Who’s Watching You? (BBC2, 9pm); The Secrets Of Stonehenge: A Time Team Special (C4, 9pm)
THERE’S no escaping Big Brother. I don’t mean the TV series of the same name – although, if anyone is still interested, they should note it’s back on Thursday on C4 – but surveillance.
Our every move is being monitored by someone and the consequences can see you lose your job, end up in court or have details of your plastic surgery revealed to the world.
The second part of Who’s Watching You, Richard Bilton’s investigation of the world of I spy, throws up some worrying cases. Like Andy, the AA patrolman who was sacked for “fraudulent use of company time”. Management used the GPS technology fitted in vehicles to monitor his every move. They concluded he was fiddling his breaks, taking longer than the 30 minutes he was allowed.
They built up a catalogue of incidents to show he was systematically avoiding work. The facts may have suggested this, but there were practical explanations.
How many of us, asked Bilton, can account for every minute of every working day? Andy won his unfair dismissal claim at an employment tribunal, but his case highlights how facts without context can give a distorted picture.
Equally odd is the tale of the neighbours in Lincolnshire who fell out with each other.
Two of them directed CCTV cameras towards the third’s home. Gary and wife Sandra retaliated by making gestures to the cameras, simulating sex and, in her case, lifting her jumper and flashing her bra-covered chest.
The cameras may well have added to the tension, rather than help resolve the neighbourly row. The couple say they were playing up to the cameras. The neighbours say CCTV was their last chance to stop noisy and lewd behaviour.

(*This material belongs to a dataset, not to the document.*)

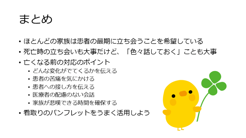 #47. まとめ ほとんどの家族は患者の最期に立ち会うことを希望している

Gary and Sandra were convicted of harrassment and made subject of a restraining order barring them for talking to people over the fence.
Anyone can become James Bond as a variety of hi-tech spyware can be bought over the counter, including a pen with a camera and a double adaptor plug with a mobile phone inside.
The makers of the programme show Bilton what can be done by secretly wiring his flat and running surveillance on him.
Mobile phones too reveal more and more about the owner. Soon you’ll be able to track your friends through their phone.
WE’RE watched on the web all the time. Everything we do online can be traced back to us.
A spokesman for a search engine explains they might know the address, but don’t know who’s behind it.
However, the sites visited give an indication of our interests, and the information is valuable to advertisers to target potential customers.
The net is not a safe place as hackers, blaggers and credit card fraudsters look for weak spots in the system, steal information and commit fraud. Last year it cost £1.2 billion, which works out at £25 for every adult.
As for your plastic surgery details being made public, Bilton learns this information after going through rubbish bags left on the street outside the office of a Harley Street surgeon.
The Time Team experts use old-fashioned methods such as digging and guesswork in The Secrets Of Stonehenge.
They’ve been investigating for six years trying to ascertain who built it, when they built it and why it is where it is.
That’s a lot of digging, some 60 trenches over six years. Soon there may be litter strewn around Stonehenge, the result of torn up guide books.
A group of archaeologists say it’ll have to be rewritten as a result of their discoveries.
Rather than being a temple, they reckon Stonehenge was a place of the dead.
Those famous stones sat at the epicentre of an immense ritual landscape.
They claim to have the evidence, including dog faeces, to back up their claims. Quite where doggy doo comes into it, I’m not sure but they seem to get very excited about it.